It was this breadth of view, combined with his technical gifts as a teller of tales, that made Hawthorne a great artist; for no degree of skill or cleverness can give lasting significance to the work of a man who has not in spirit been taken up to a high mountain and shown the uttermost kingdoms of the world. Granted a “philosophy of life” which inspires a man to high endeavor and enables him to see the relation between the things that are seen and are temporal and the things that are not seen and are eternal, the creative artist need not be always preaching a moral or adorning a tale. The implications that he finds in his material and the abiding convictions he has about life and death need no labeling. They appear as a man’s character does, from his daily talk and conduct. Let the romancer state this in his own words:

When romances really do teach anything, or produce any effective operation, it is usually through a far more subtile process than the ostensible one. The author has considered it hardly worth his while, therefore, relentlessly to impale the story with its moral, as with an iron rod,—or, rather, as by sticking a pin through a butterfly,—thus at once depriving it of life, and causing it to stiffen in an ungainly and unnatural attitude. A high truth, indeed, fairly, finely, and skilfully wrought out, brightening at every step, and crowning the final development of a work of fiction, may add an artistic glory, but is never any truer, and seldom any more evident, at the last page than at the first.

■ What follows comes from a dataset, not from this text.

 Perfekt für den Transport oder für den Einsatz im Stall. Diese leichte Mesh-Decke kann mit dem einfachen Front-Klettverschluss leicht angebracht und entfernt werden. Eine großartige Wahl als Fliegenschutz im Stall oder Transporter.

Now and again Hawthorne forgot this, and stopped to expound and explain, which was unnecessary. And now and again he used his powers to vent his feelings by contemptuous portrayal of living people, holding them up to scorn, which was unworthy. But even though he lacked the Olympian serenity of the supreme story-tellers, he wrote as a wise man, and he wrote surpassingly well. It remains, then, to speak of his workmanship.

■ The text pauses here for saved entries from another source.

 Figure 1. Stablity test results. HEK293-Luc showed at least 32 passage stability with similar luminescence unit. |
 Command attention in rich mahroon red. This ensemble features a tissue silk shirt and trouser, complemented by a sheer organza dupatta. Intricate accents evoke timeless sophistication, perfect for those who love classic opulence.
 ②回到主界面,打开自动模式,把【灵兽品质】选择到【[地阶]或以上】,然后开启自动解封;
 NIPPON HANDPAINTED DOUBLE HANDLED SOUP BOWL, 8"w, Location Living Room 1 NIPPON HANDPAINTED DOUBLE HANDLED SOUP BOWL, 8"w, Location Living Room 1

In the preface to “The House of the Seven Gables,” from which the above passage is quoted, Hawthorne discusses his methods as a romancer: how he combines materials at hand, but makes them present the truth of the human heart not as the realist but under circumstances of his own choosing and with a “slight, delicate and evanescent flavor” of the marvelous. And this shadowy unreality, he points out, comes from the connection of “a bygone time with the very present that is flitting away from us. It is a legend, prolonging itself, from an epoch now gray in the distance, down into our own broad daylight, and bringing along with it some of its legendary mist.” It is a cue to every one of the longer tales and to most of the short ones. Always the outreaching hand of the past plucking at the garments of the present,—the traditions of an elder day or the consequences of a deed committed before the opening of the story.

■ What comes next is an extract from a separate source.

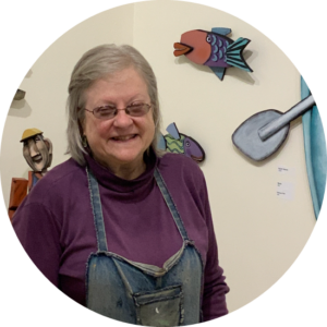 Kent- Robin is a well known and noted folk artist. Robin is best known for her three-dimensional art that draws admirers and collectors from across the region. Robin’s work is in the American Folk Art Museum in New York City. The gallery serves as Robin’s studio and she is present most days. Since I was a child, I loved getting lost in the process of moving abstract shapes around until seeing a form that speaks to me. My narrative contemporary folk art focuses on familiar, under appreciated, and possibly imagined moments.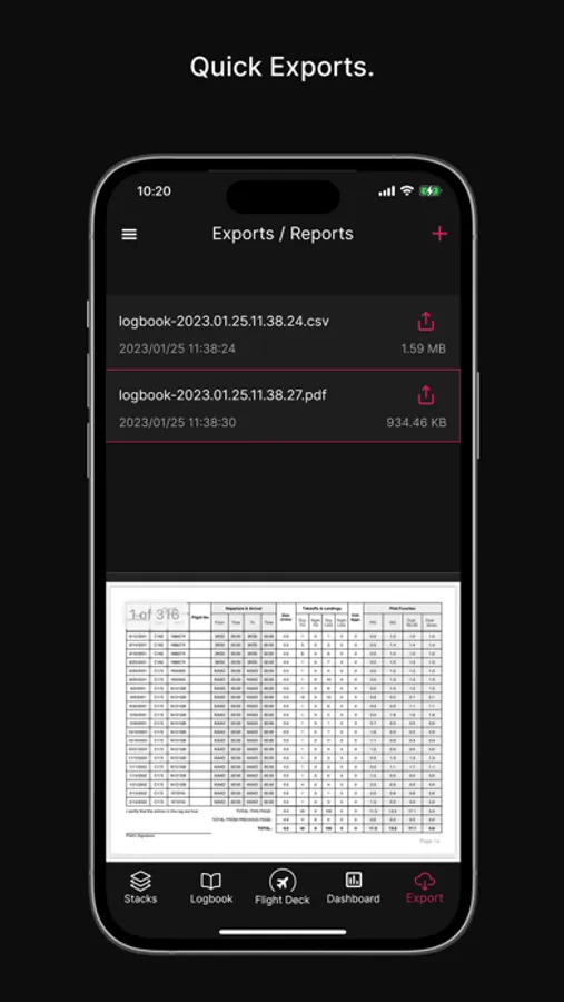 Export – We currently support CSV raw data export. You may also generate a fully formatted FAA and EASA-compliant logbook PDF, ideal for job applications.

In a misty, twilight atmosphere, starting where stories frequently end,—with a momentous act already performed,—Hawthorne’s romances proceed almost by formula. Each is dominated by a physical symbol, itself a suggestion of some connection with the past, continually recurrent, always half mysterious. Each is told in terms of a very small group of characters, of whom three usually emerge farthest from the shadows. The best of his longer works are not put into the “well-made plot” strait-jacket; and on this point Mrs. Hawthorne’s testimony is on record that the plots grew out of the people instead of being imposed upon them. Each is made up mostly of analytic interpretation of moods, and each is garnished with many a meditative commentary on the story-text. Finally, each and all of Hawthorne’s writings are characterized by a scrupulous nicety of style, a leisureliness of sentence, a precision of diction that become the courtly manners of the old régime. He was as simple as formality will allow, as formal as simplicity will permit. If we are to liken him to other writers, it will not be to any contemporaries, not even to Mr. Howells. The comparison will take us back to Goldsmith or Jane Austen or to those passages in Thackeray which are most reminiscent of the elder day. Moreover, the book style of Hawthorne was something quite apart from his letter writing, which had a masculine directness and vigor. He was a late member of Irving’s generation. When he wrote he “took his pen in hand” to address “the gentle reader.” All such literary amenities are now the oldest of old fashions; but when they were the vogue Hawthorne was a master of them.

BOOK LIST

Nathaniel Hawthorne. Works. There have been eighteen editions of Hawthorne’s Collected Works between 1871 and 1904 in from 6 to 18 vols. These appeared in book form originally as follows: Fanshawe, 1828; Twice-Told Tales, 1837; Grandfather’s Chair, 1841; Famous Old People, 1841; Biographical Stories for Children, 1842; Mosses from an Old Manse, 1846; The Scarlet Letter, 1850; True Stories, 1851; The House of the Seven Gables, 1851; A Wonder Book, 1851; The Blithedale Romance, 1852; Tanglewood Tales, 1853; The Marble Faun, 1860; Our Old Home, 1863; American Notebooks, 1868; English Notebooks, 1870; French and Italian Notebooks, 1871; Septimius Felton, 1871; The Dolliver Romance, 1876; Doctor Grimshawe’s Secret, 1883.

Bibliography

A volume compiled by Nina E. Browne. 1905. Also Cambridge History of American Literature, Vol. II, pp. 415–424.